Collection entries

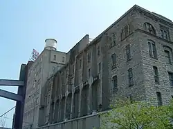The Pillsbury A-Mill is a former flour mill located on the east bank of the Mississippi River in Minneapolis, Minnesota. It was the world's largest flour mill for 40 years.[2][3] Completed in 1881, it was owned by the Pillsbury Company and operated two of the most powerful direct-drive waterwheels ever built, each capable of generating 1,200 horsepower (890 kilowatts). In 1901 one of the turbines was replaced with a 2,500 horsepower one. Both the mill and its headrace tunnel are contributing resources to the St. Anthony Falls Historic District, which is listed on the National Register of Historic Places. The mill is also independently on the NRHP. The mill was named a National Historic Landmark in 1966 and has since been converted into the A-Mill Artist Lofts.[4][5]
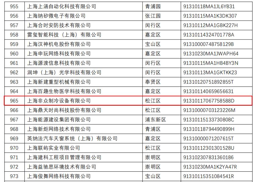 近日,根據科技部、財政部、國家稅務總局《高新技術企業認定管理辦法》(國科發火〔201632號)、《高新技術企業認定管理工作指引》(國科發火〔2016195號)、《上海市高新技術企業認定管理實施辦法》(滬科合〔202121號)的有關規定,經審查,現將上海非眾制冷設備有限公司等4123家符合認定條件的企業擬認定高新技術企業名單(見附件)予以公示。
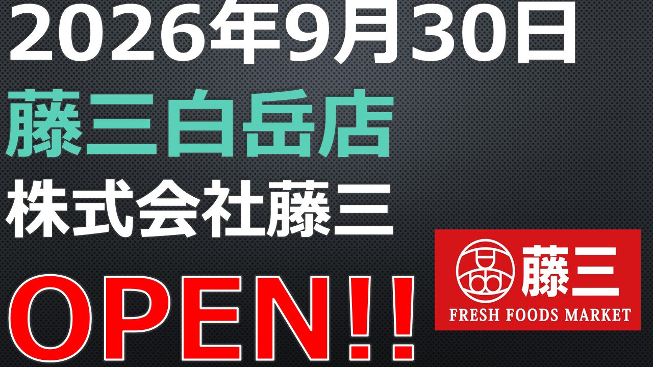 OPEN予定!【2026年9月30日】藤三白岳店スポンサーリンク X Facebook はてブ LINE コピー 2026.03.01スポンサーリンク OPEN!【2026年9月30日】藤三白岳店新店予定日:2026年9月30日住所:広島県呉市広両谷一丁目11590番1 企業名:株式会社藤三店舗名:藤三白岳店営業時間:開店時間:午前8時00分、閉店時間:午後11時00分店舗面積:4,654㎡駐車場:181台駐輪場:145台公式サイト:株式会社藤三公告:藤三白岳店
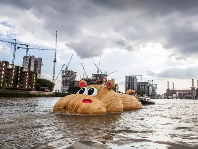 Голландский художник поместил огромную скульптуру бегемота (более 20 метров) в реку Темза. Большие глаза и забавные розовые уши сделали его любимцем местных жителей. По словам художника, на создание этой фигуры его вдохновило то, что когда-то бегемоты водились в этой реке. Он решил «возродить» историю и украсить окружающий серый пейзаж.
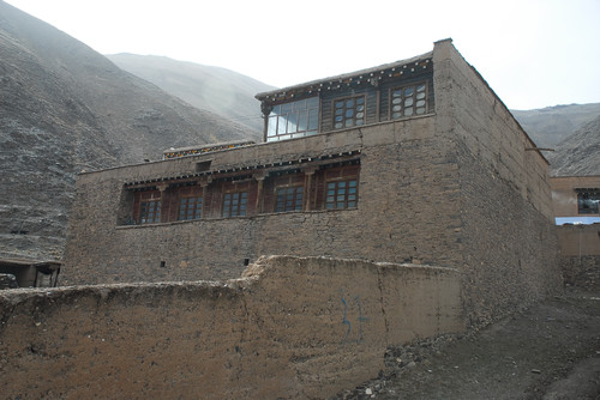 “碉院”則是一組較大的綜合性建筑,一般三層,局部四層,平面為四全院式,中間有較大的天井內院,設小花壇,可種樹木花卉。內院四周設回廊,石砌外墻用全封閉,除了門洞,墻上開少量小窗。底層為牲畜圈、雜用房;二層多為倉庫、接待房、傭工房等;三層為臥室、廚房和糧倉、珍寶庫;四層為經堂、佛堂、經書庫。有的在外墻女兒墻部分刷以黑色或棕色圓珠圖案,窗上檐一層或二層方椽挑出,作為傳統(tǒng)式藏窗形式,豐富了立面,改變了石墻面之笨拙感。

**Problem description:** Once you reach the line containing "Голландский художник поместил", print it and every line after it exactly, through the end of the entries, without any pictures.

**Answer for the task:**
 Голландский художник поместил огромную скульптуру бегемота (более 20 метров) в реку Темза. Большие глаза и забавные розовые уши сделали его любимцем местных жителей. По словам художника, на создание этой фигуры его вдохновило то, что когда-то бегемоты водились в этой реке. Он решил «возродить» историю и украсить окружающий серый пейзаж.
 “碉院”則是一組較大的綜合性建筑,一般三層,局部四層,平面為四全院式,中間有較大的天井內院,設小花壇,可種樹木花卉。內院四周設回廊,石砌外墻用全封閉,除了門洞,墻上開少量小窗。底層為牲畜圈、雜用房;二層多為倉庫、接待房、傭工房等;三層為臥室、廚房和糧倉、珍寶庫;四層為經堂、佛堂、經書庫。有的在外墻女兒墻部分刷以黑色或棕色圓珠圖案,窗上檐一層或二層方椽挑出,作為傳統(tǒng)式藏窗形式,豐富了立面,改變了石墻面之笨拙感。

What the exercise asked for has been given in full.